# What do you think of french label Naive?



## deprofundis (Apr 25, 2014)

I have been fairly disapointed whit this label so far i did not like Stravinsky ''les rites du pritemps' on Naive and felt John Dowland music for song and lute called aryes sound a bit too polished cold in interpretation, the emphasis on the singer instead of lute(this should be criminal just kidding).

Are there good decent released on NAIVE since there cd are sometime expensive, yes the presentation the package look nice colorful, but what about the actual recording.

Did anyone heard the Gesualdo on french label naive it's some of is madrigali i dont recalled 
how it's called it's in italian.I want to see or better yet hear if Naive mess up whit Gesualdo..
Someone here has this cd?

I remain skeptical about naive doeing good recording , proof me im wrong
and i ask you the following question do you find naive to be a good , bad , decent or poor label.

Perhaps maybe i dont have the best recording of em?


----------



## Ukko (Jun 4, 2010)

Naive, and before it the labels it has absorbed, have issued some excellent recordings. Check their catalog.


----------



## Couac Addict (Oct 16, 2013)

They have some gems but can be hit and miss like all labels. Maybe try Cavina/Venexiana on the Glosso label for the madrigals. For Les Printemps... try Gergiev/Kirov on the Phillips label.


----------



## jegreenwood (Dec 25, 2015)

As I recall, you enjoy lute music. Try Hopkinson Smith's Bach recordings.


----------



## Kjetil Heggelund (Jan 4, 2016)

Patricia Kopatchinskaja records for them and she is awesome


----------



## Guest (Jan 25, 2016)

I don't have a ton of Naive recordings, but those that I have I really enjoy. The recording of Bach's Brandenburg Concertos by Rinaldo Alessandrini and Concerto Italiano is among my favorites of that work. 
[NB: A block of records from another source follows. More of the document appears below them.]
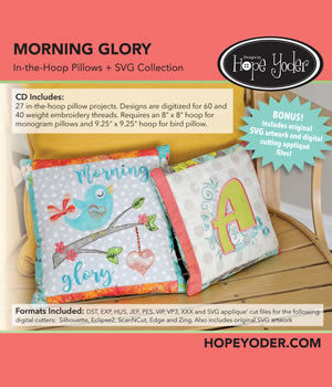 CD Includes: 27 embroidery files for creating an in-the-hoop zippered back monogram pillow that fits inside of an 8″ x 8″ hoop. Also includes a bird in-the-hoop zippered pillow that fits a 9.25″ x 9.25″ hoop. Designs are digitized for 60 and 40 weight embroidery threads.
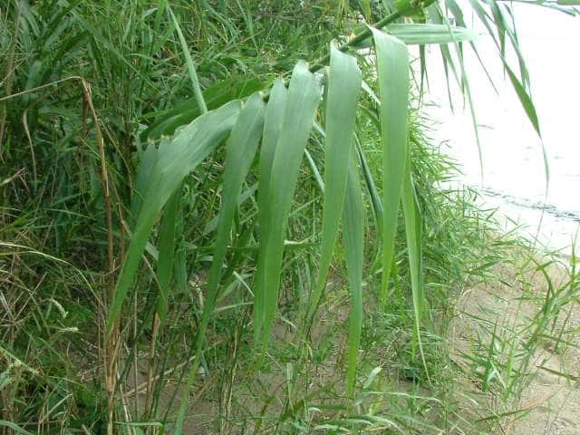 | 多年草 関東以西〜沖縄の暖地の海岸に生育し、大形で群生する。根茎は太く短い。茎の高さ2〜4m、径2〜4cm、中空、平滑。葉は長さ30〜60cm、幅2〜5cm。粉白色を帯び両面はざらつくが無毛。葉舌は長さ1〜2.5mm、縁に毛がある。葉鞘は無毛。花序は長さ40〜60cm、淡緑色に多少赤紫色を帯び光沢があり、密に枝を出して多数の小穂をつける。小穂は長さ10〜12mm、2〜5小花からなる。2個の包穎は披針形、3脈あり先端はとがる。護穎は披針形、3〜5脈、長さ7〜8mm、先端に2歯があり、歯間から長さ2〜3mmの直立する芒を出し、基盤に短毛が叢生し、内穎は護穎より短い。花期は9〜10月。(日本イネ科植物図譜) 学名は、Arundo donax イネ科ダンチク属 |
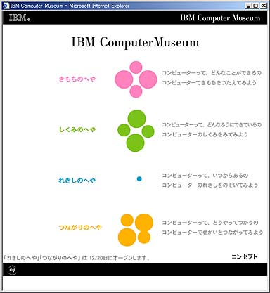 リニューアルではFlashを多用してエンターテイメント要素を強化。「きもちのへや」「しくみのへや」「れきしのへや」「つながりのへや」の4メニューで構成する。
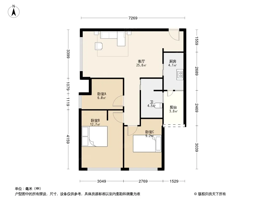 *获取完整户型报告,同时会有免费语音讲解服务
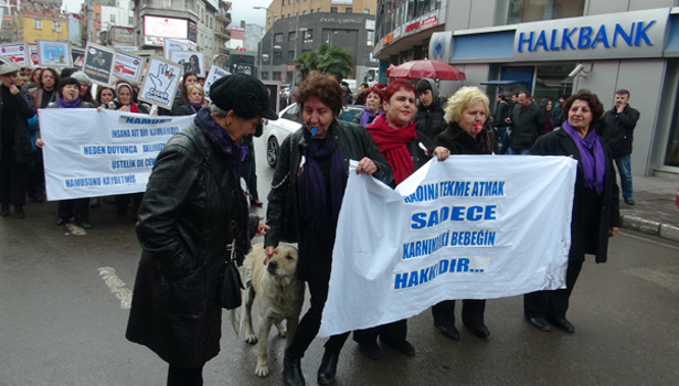 Zonguldak'ta 8 Mart Dünya Kadınlar Günü etkinlikleri renkli görüntülere sahne oldu. Yürüyüşe katılan grubun arasına giren ve "Paşa" ismi verilen sokak köpeğinin taşınan pankarta saldırması ise kadınları korkuttu.
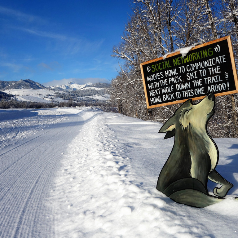 WildSide trails appeal to slightly older kids (6-12) and blend nature facts with playful skill building on skis through engaging challenges that the panels suggest. WildSide panels are found on the Mazama trails on Inn Loop and out of the Spring Creek Ranch Trailhead in Winthrop.
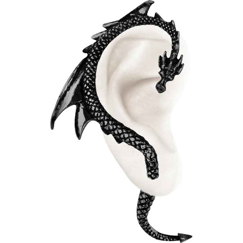 Some have an angel to sit on their shoulder, while others have a devil. You can have your own beast too, by putting on The Black Dragon’s Lure Stud. It will place a sibilant serpent over your shoulder that will whisper into your ear. This attractive earring accent is crafted entirely in fine English pewter, and given a darker tone to reflect a black dragons sinister appeal. The accessory has a surgical steel post that secures the dragon in place while its serpentine body twists up and around your ear. It is designed to fit the right ear. For a taste of fantasy in your everyday life, nothing beats having The Black Dragon’s Lure Stud secured over your ear.
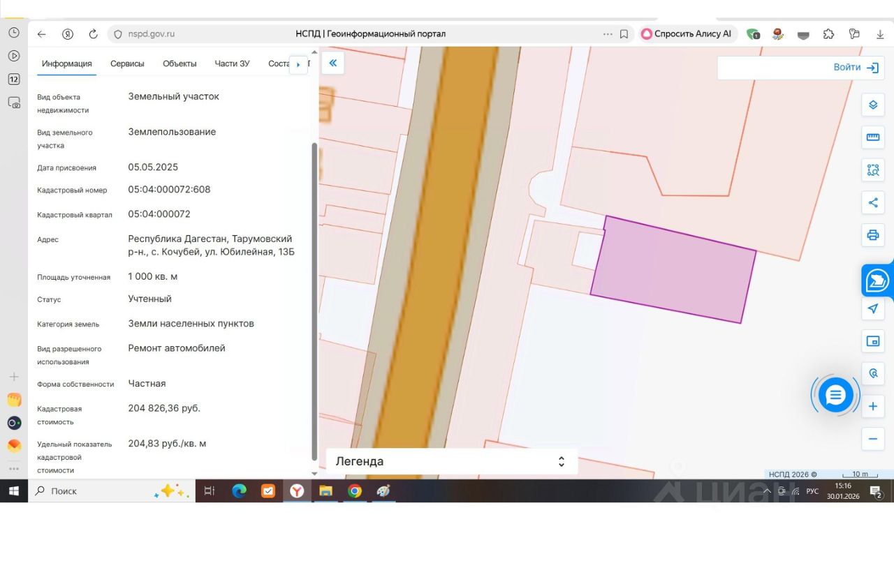 Земельный участок с кадастровым номером 05:04:000072:608, расположенный по адресу: РД, Тарумовский район, с. Кочубей, ул. Юбилейная, 13б. Категория земель: земли населенных пунктов. Площадь земельного участка 1000 кв.м. Вид разрешенного использования: ремонт автомобилей. Вид права - аренда. Срок аренды - 30 месяцев.
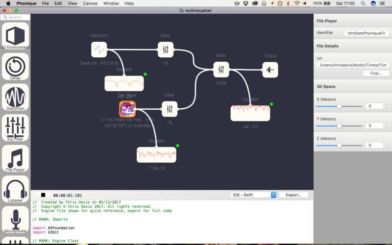 Drag, Drop & Connect to create Audio Engine Graphs and export the results to Swift 3.
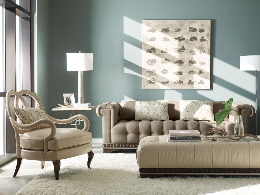 Серо бежевый диван в гостиную в интерьере (55 фото)
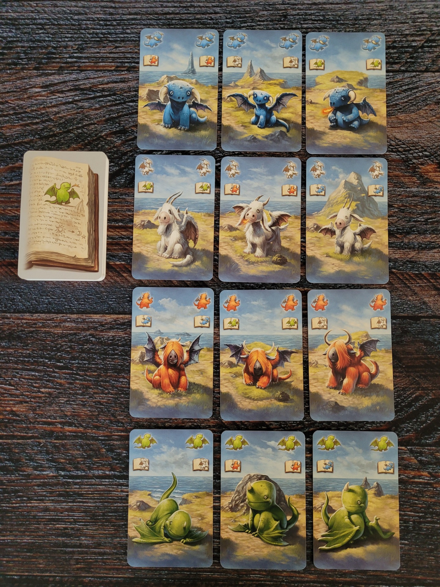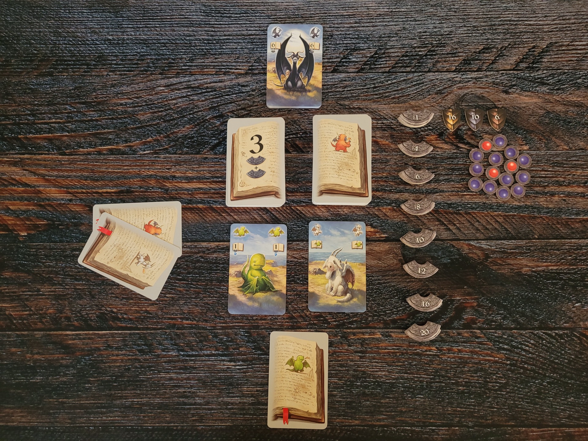 Zbylé karty se rozdělí dle jejich rubů na dvě hromádky (strany kouzelné knihy). Na levé straně budou pouze karty s čísly, na pravé straně karty s malými barevnými draky.
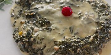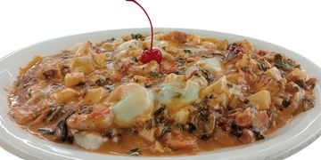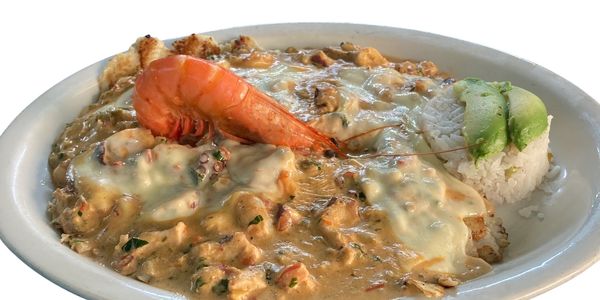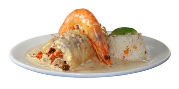 Filete en crema de champiñones con o sin mariscos, servidos con camarón para pelar.
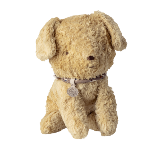 Schattige puppy. Gemaakt van exclusieve materialen die het hondje een prachtige vintage look en een zachte aanraking geven. Vergeet niet de accessoires voor je nieuwe beste vriend erbij te bestellen.
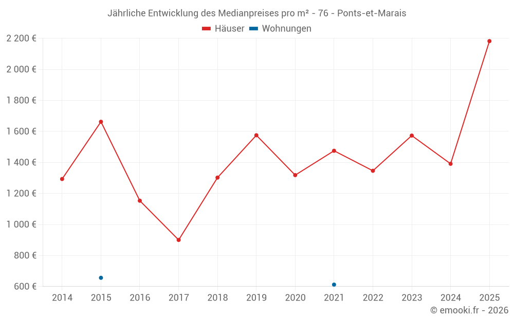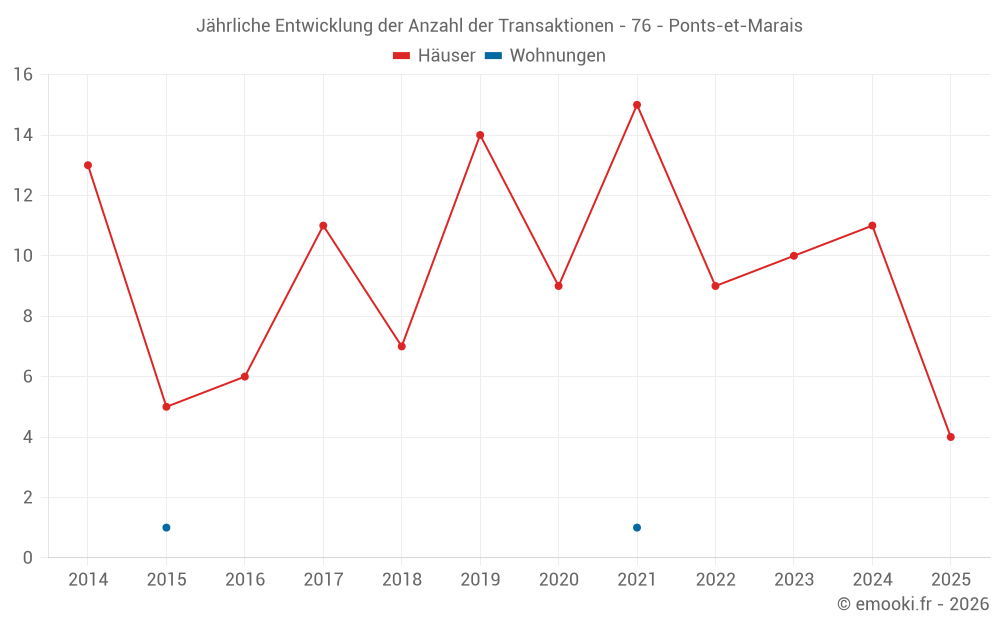 Der Durchschnittspreis auf den 23 Hausgeschäften der letzten 24 Monate in der Gemeinde Ponts-et-Marais betrug 1 527 € pro Quadratmeter für einen mittleren Immobilienwert von 125 000 €. Über diesen Zeitraum hinweg lagen 60% der Transaktionen zwischen 962 und 2 473 € pro Quadratmeter (vom 2. bis zum 8. Dezil).
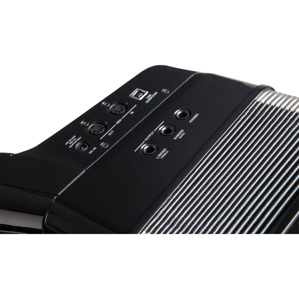 The handy MP3/WAV song player lets you play along with pre-recorded musical tracks for practice and live backing via optional USB memory. Just plug your USB stick into the convenient front-panel USB MEMORY port, then select and play songs with dedicated, easy-to-reach controls. With the touch of a button, your accordion performances can be recorded directly to USB memory as well, perfect for archiving, evaluation, and education. USB memory also offers a convenient way to save/load customized accordion sets and install new sounds and software updates. The USB COMPUTER port on the side panel opens up the world of modern music production to accordionists, providing the ability to easily connect the FR-8xb to a computer and use it with popular MIDI software as a unique, expressive controller and a powerful sound engine.
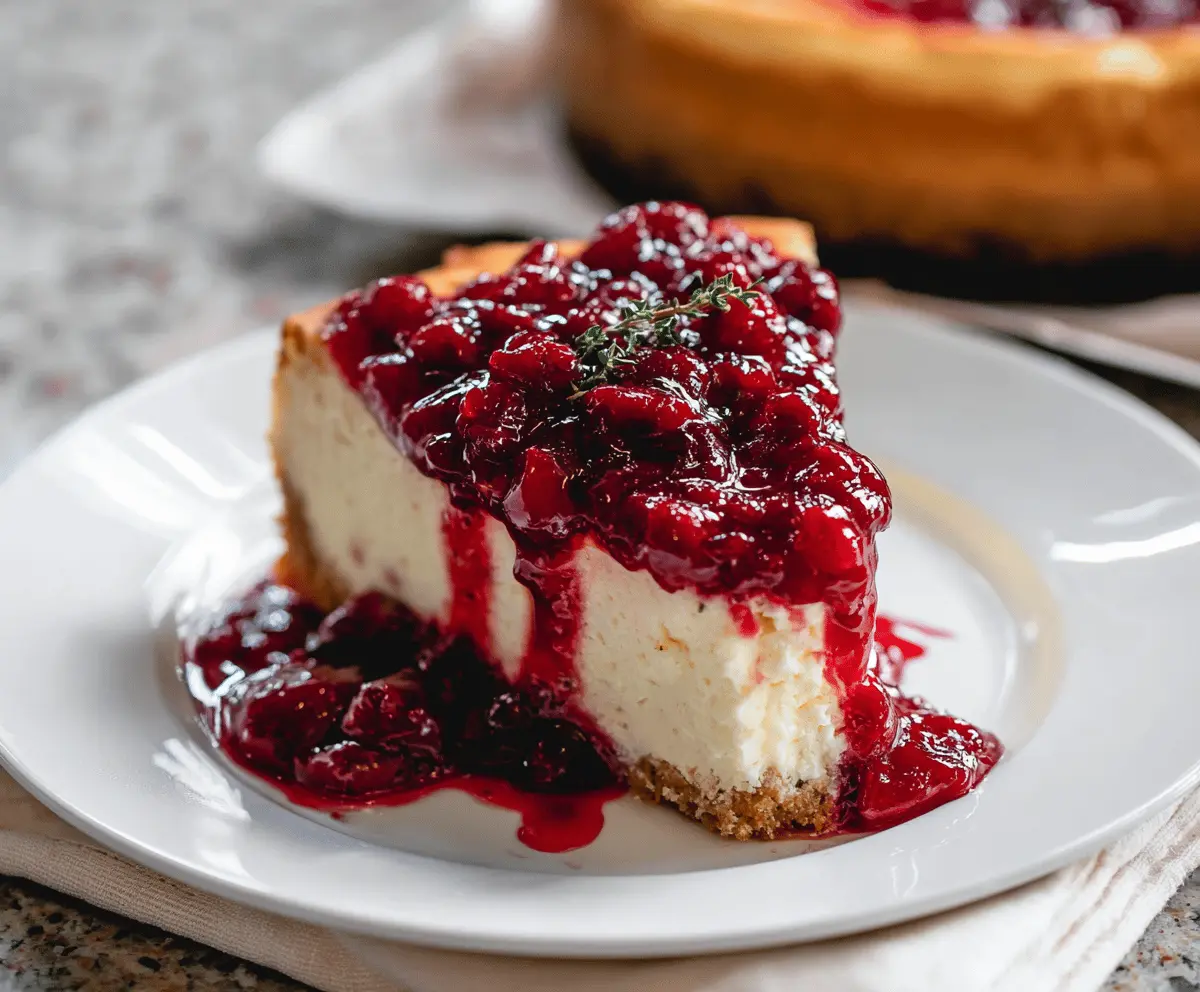 This cheesecake is creamy and dreamy, topped with a bright and tangy cranberry sauce. The flavors blend so well, making each bite refreshing and tasty!
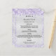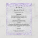Une carte élégante et séduisante pour les mariages. Personnalisez et ajoutez vos noms, votre date et le menu mariage. Arrière - plan à l'aspect argent faux, décoré de violet, lavande confetti.
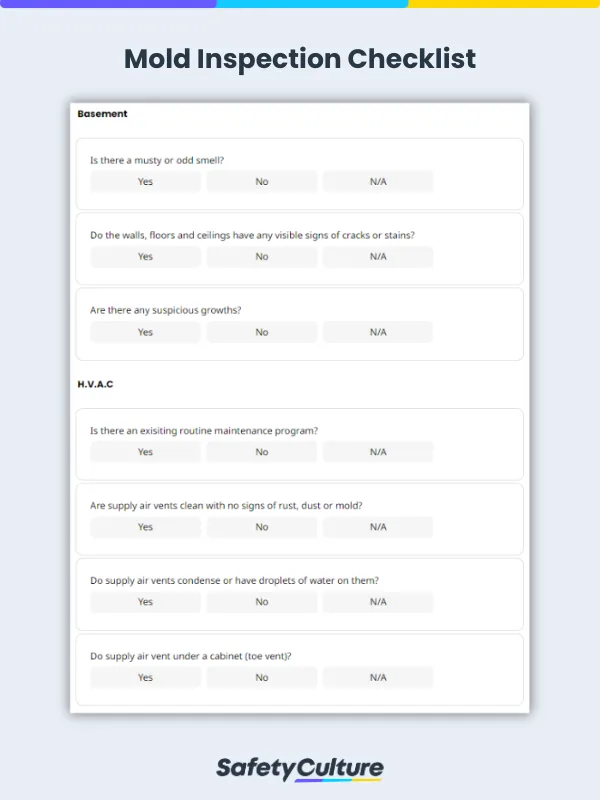 Indoor areas such as the basement, HVAC, kitchen, ceilings, laundry room, attic, and living room are the most common areas inside the house where mold could grow. Do a visual inspection in these areas and answer guide questions in a mold inspection checklist like:
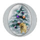 Exquisite Urlaubskunst mit einem bezaubernden Cairn Terrier, stehend vor einem schneebedeckten Weihnachtsbaum mit Ornamenten, die im Mondschein zu leuchten scheinen. Wunderbare Geschenke für Cairn Terrier Liebhaber.
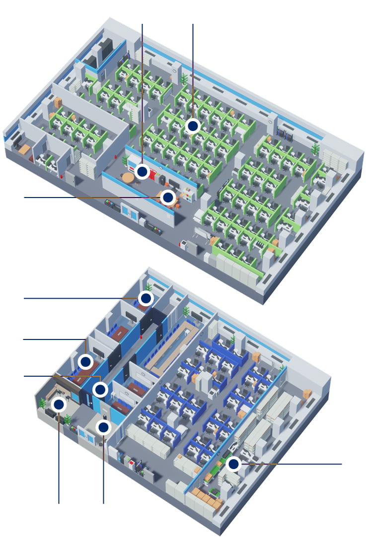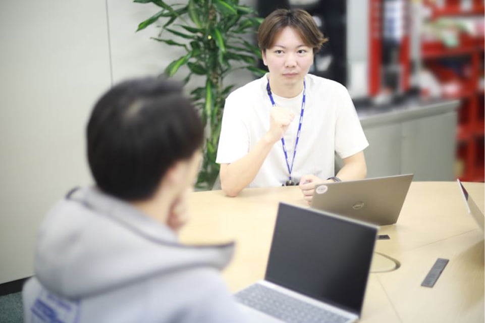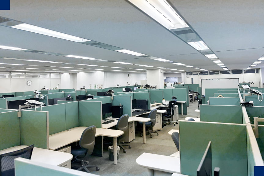 各席が低めのパーテーションで区切られているため、作業に集中できます。 また職種ごとではなく、プロジェクトごとに座席を配置しているため、業務上話すことが多いスタッフ同士が近くに配置されるなどコミュニケーションがとりやすくなっています。
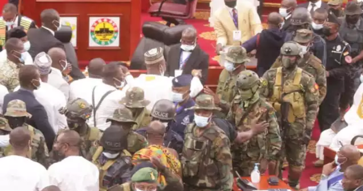 Security personnel have stormed Parliament following several commotions recorded in the House since the inauguration processes for the 8th parliament...
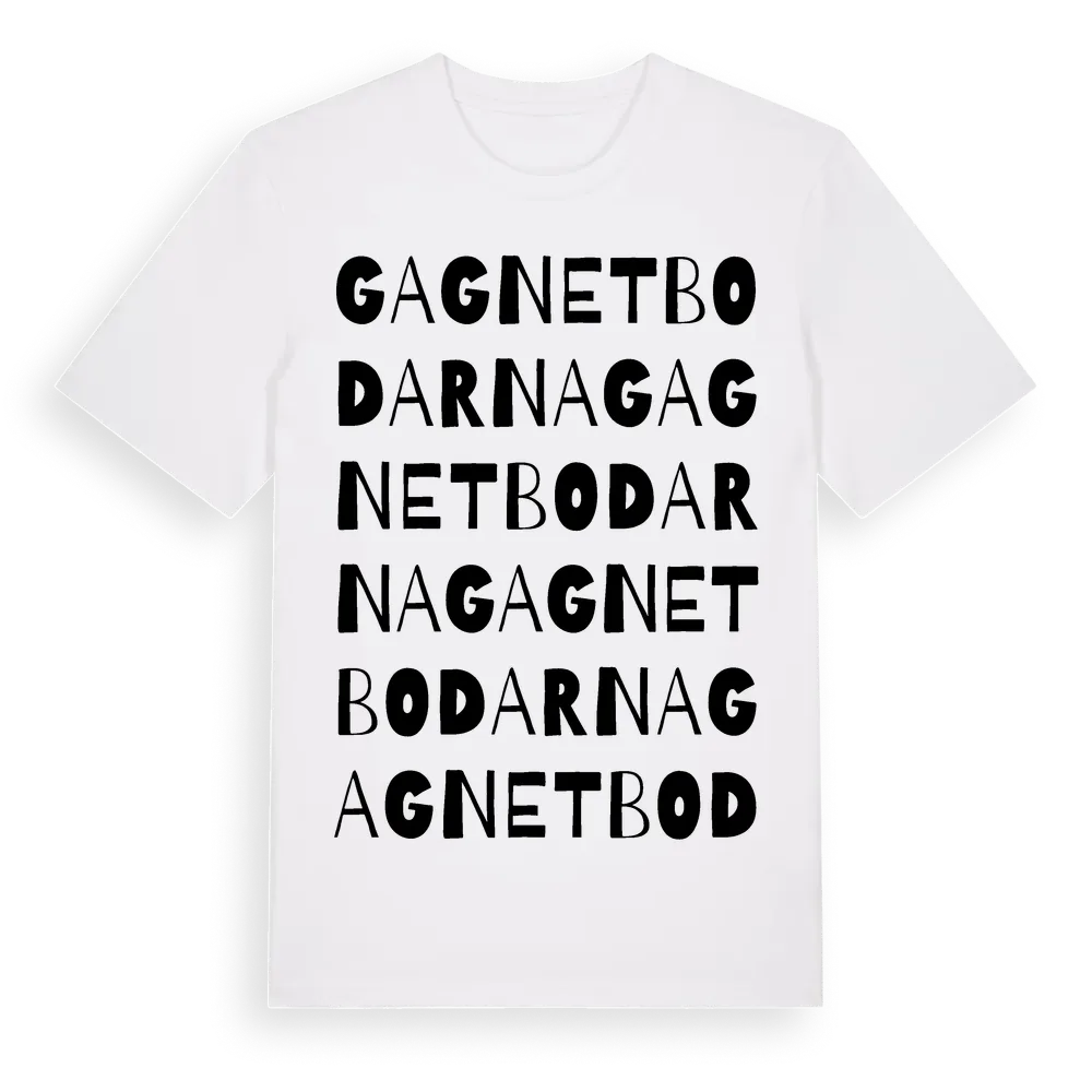 Gagnetbodarna ordlek t-shirt är inspirerad av Gagnetbodarna i Västernorrlands län, Sverige. Tröjan är designad för dig som har en speciell koppling till platsen – oavsett om du bor här, har rötterna här eller bara älskar Gagnetbodarna.
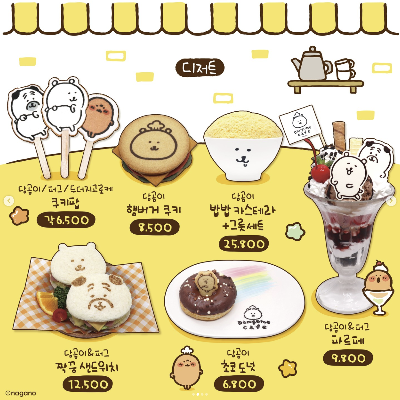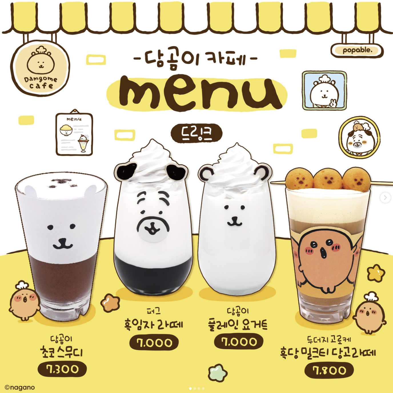 담곰이 초코스무디, 퍼그 흑임자 라떼, 담곰이 플레인 요거트, 두더지 고로케 흑당 밀크티 당고 라떼
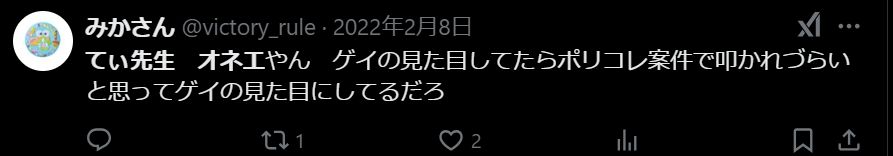 そんなてぃ先生ですが、「オネエではないか」という疑惑が浮上しているようです。
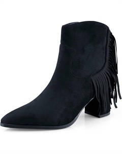 Женские элегантные ботильоны с низким массивным каблуком, заостренным носком, имитацией замши, бахромой, удобным блочным каблуком и боковой молнией для офиса, Black

The Kopatchinskaja/Herreweghe recording of the Beethoven Violin Concerto - while unconventional - is one that I enjoy quite a bit as well. 

I can't speak to the other recordings mentioned. If it is Gesualdo madrigals that you want, I highly recommend the recordings on the Glossa label, with Claudio Cavina and La Venexiana.


----------



## Balthazar (Aug 30, 2014)

Naive's series of Vivaldi operas is very highly regarded.


----------



## gardibolt (May 22, 2015)

I have a Goldberg Variations on Naive and the sound quality is outstanding.


----------



## Badinerie (May 3, 2008)

Off the top of my head these two are very good. I have more but dont know what and where! "Shocking memory I have mmgggrrrrr!?"


----------



## millionrainbows (Jun 23, 2012)

I have Brahms' symphonies on Naïve, and a flute recording I reviewed recently. I think it's a good label, and will expose listeners to "French" artists and sensibilities that non-French and Americans would not normally hear. I'm all for it.


----------



## Vinski (Dec 16, 2012)

Haydn String Quartets by Quatuor Mosaïques.


----------



## Vaneyes (May 11, 2010)

*Haydn* String Quartets, Op. 20 - Mosaiques Qt (rec.1990 - '92)
*LvB* Cello Sonatas complete - Gastinel & Guy (rec.2002 - '04)
*LvB* Sonatas 4, 28, etc.- Sokolov (rec.1991)
*Bruckner* 6 - Nagano et al (rec.2005)
*Boulez* "Rituel', Notations, etc. - Robertson et al (rec.2002)
*Dusapin* Time Zones, String Quartet 3 - Arditti Qt. (rec.1993)
*Dutilleux* String Quartet - Arditti Qt. (rec.1993)
*Maderna* For Strings - Arditti Qt. (rec.1992 - '95)
*Nono* Variazioni canoniche, etc.- Gielen et al (rec.1989)
*Prokofiev* Sonata 8 - Sokolov (rec.1984)
*Rachmaninov* Prelude 4 - Sokolov (rec.1988)
*Scriabin* Sonatas 3 & 9 - Sokolov (rec.1984)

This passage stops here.